В итоге к настоящему времени сложилась следующая ситуация. Если для широкого читателя стихи Баркова по-прежнему либо terra incognita, либо пример чего-то малопонятного и не вполне пристойного, то для специалистов-филологов утверждать важность места Баркова в русской поэзии уже нет необходимости, и серьёзное влияние его поэтики на творчество ряда авторов рубежа XVIII - XIX вв., особенно Г.Р. Державина, является доказанным фактом. Последнее обстоятельство позволило М.И. Шапиру относительно недавно высказать такие соображения: «В ряду историко-литературных убеждений автора настоящей статьи не последнее место занимают два взаимосвязанных тезиса:
1) классическая русская литература складывалась под сильным влиянием поэтики бурлеска;
2) в истории русского бурлеска одну из ключевых ролей сыграли Барков и барковщина XVIII столетия.
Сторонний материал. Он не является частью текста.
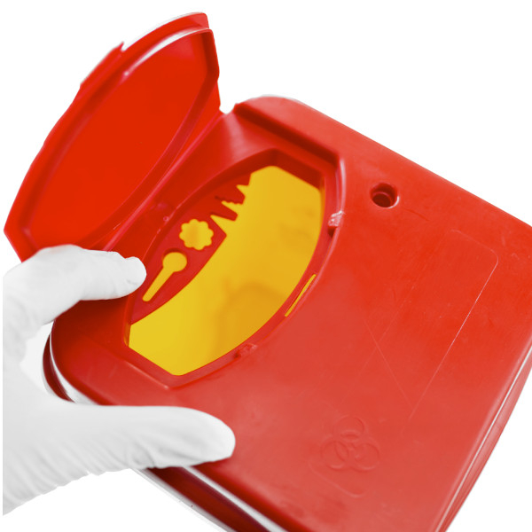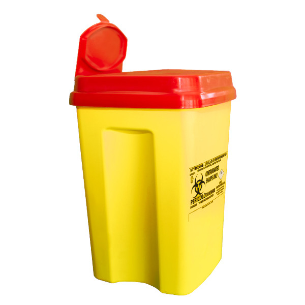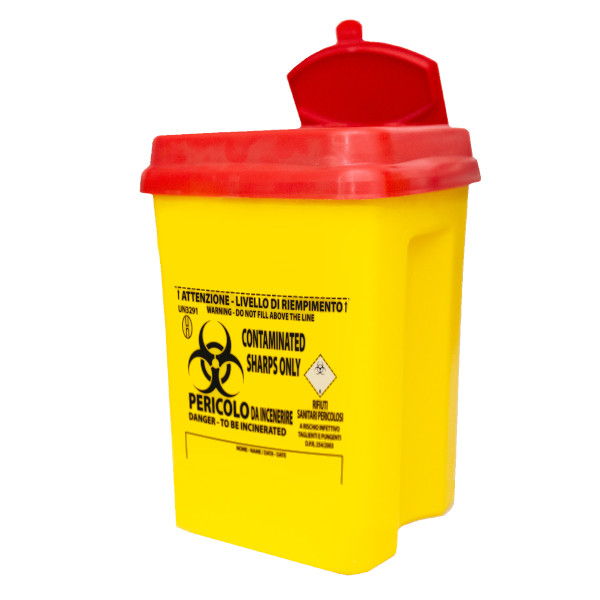 Contenitore troncopiramidale da 5 litri, monouso utile al contenimento per l'eliminazione di oggetti taglienti, pungenti, affilati, aghi e siringhe. Ambiti di utilizzo Ospedali, Cliniche, Laboratori, Casa di Cura, ecc.. Corpo e coperchio con chiusura temporanea a scatto definitiva. Alta resistenza agli urti e alla perforazione. Maneggevioli nell'uso, impilabili per favorire il trasporto allo smaltimento. Tenuta ermetica anche con contenitore in posizione capovolta. etichetta descritittiva uso e smaltimento.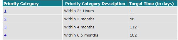 Below are the standard priority categories. Notice each priority category is assigned a date range. This allows for cases with various priority codes, as described above, with similar target timeframes to be grouped and summarized. Using the example below, any case with target times between 1 and 56 days, regardless of its priority code, will be grouped in Priority Category 2.

Если оба тезиса верны, значит, Барков и отдельные его последователи в какой-то степени определили (прямо или косвенно) своеобразие национальной литературной традиции. <...> Оценивая роль, какую создатель "Фелицы" сыграл в становлении национальной литературы, Белинский провозгласил его "отцом русских поэтов". Но если Державин русским поэтам "отец", то выходит, Барков им "дед". На своих "внуков": Батюшкова, Жуковского, Пушкина и других - он влиял и напрямую, и через посредство Державина, подобно тому как сам Державин усваивал уроки Ломоносова не только из первых рук. но также в пересказе Баркова» [23, с. 397, 439].
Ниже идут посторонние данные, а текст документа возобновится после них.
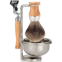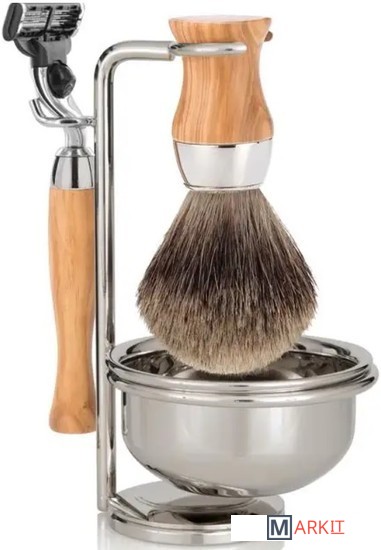 Набор из коллекции HERITAGE с помазком Tasso Tec / Best Badger из натурального барсучьего волоса, станок Gillette Mach 3 Turbо и чаша. Материал — традиционное оливковое дерево.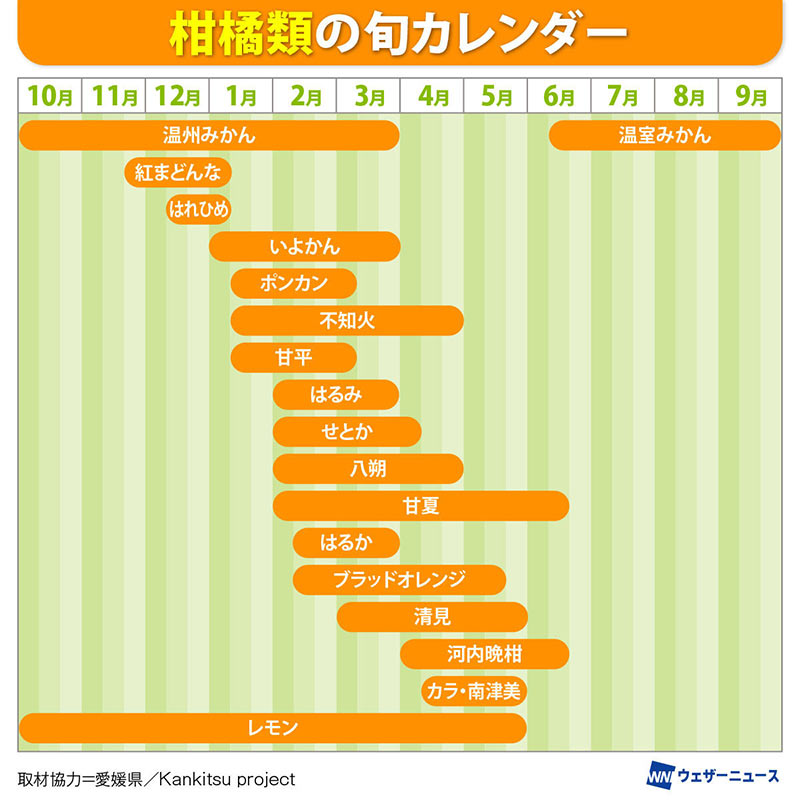 これから旬を迎える柑橘(かんきつ)類は? 柑橘類カレンダー

Действительно, следы воздействия Баркова на Державина обнаруживаются до сих пор [10, с. 5-9], и сейчас уже очевидно, что эти двое классиков стоят у истоков богатейшей и одной из наиболее плодотворных ветвей русской изящной словесности, зиждущейся на бурлескном начале. «Произведения Баркова, выдававшие в авторе прекрасно образованного человека, овладевшего всеми тонкостями пародируемого материала, рассчитанные на читателя, способного оценить ювелирность мастерства поэта, привлекали к его творчеству многих образованных людей эпохи, в числе которых были Пушкин и Державин», -пишет Л.А. Казакова [24, с. 203]. В соответствии с историко-литературным принципом следовало бы только поменять местами названные имена.
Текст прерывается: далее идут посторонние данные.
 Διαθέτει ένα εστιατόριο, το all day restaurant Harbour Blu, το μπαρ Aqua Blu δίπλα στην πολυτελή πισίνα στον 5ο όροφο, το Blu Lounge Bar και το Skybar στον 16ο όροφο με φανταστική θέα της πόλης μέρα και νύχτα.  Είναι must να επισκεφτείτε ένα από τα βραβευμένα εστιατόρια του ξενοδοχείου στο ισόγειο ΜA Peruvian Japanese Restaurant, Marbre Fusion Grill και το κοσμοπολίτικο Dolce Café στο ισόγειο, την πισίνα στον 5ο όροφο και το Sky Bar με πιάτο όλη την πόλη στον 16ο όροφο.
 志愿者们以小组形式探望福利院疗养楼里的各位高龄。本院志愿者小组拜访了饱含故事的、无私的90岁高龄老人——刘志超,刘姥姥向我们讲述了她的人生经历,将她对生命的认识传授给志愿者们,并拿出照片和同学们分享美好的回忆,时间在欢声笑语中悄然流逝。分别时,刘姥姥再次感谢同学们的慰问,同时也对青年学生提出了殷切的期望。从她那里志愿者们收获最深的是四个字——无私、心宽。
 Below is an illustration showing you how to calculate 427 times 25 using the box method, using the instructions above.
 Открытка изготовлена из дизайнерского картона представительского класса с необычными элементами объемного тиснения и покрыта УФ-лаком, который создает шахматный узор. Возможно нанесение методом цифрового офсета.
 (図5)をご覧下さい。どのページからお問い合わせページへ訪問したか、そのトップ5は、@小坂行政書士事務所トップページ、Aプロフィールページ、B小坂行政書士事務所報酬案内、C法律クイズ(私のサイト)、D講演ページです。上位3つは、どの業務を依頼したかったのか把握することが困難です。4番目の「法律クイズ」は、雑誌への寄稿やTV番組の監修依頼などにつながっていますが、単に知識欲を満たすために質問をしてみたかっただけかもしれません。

Традиция бурлеска и травестии из активной фазы перешла в подспудную со второй половины XIX в., но полностью не исчезла до сих пор. Среди современных поэтов живейший интерес к ней неоднократно проявлял и Олег Чухонцев [10, с. 215-242]. Едва ли не первым стихотворением автора, где подобная заинтересованность выражена откровенно, и стал «Барков»:
Храпел мясник среди пуховых облаков. Летел ямщик на вороных по звёздной шири. А что же ты, иль оплошал, Иван Барков? Опять посуду бил и горло драл в трактире.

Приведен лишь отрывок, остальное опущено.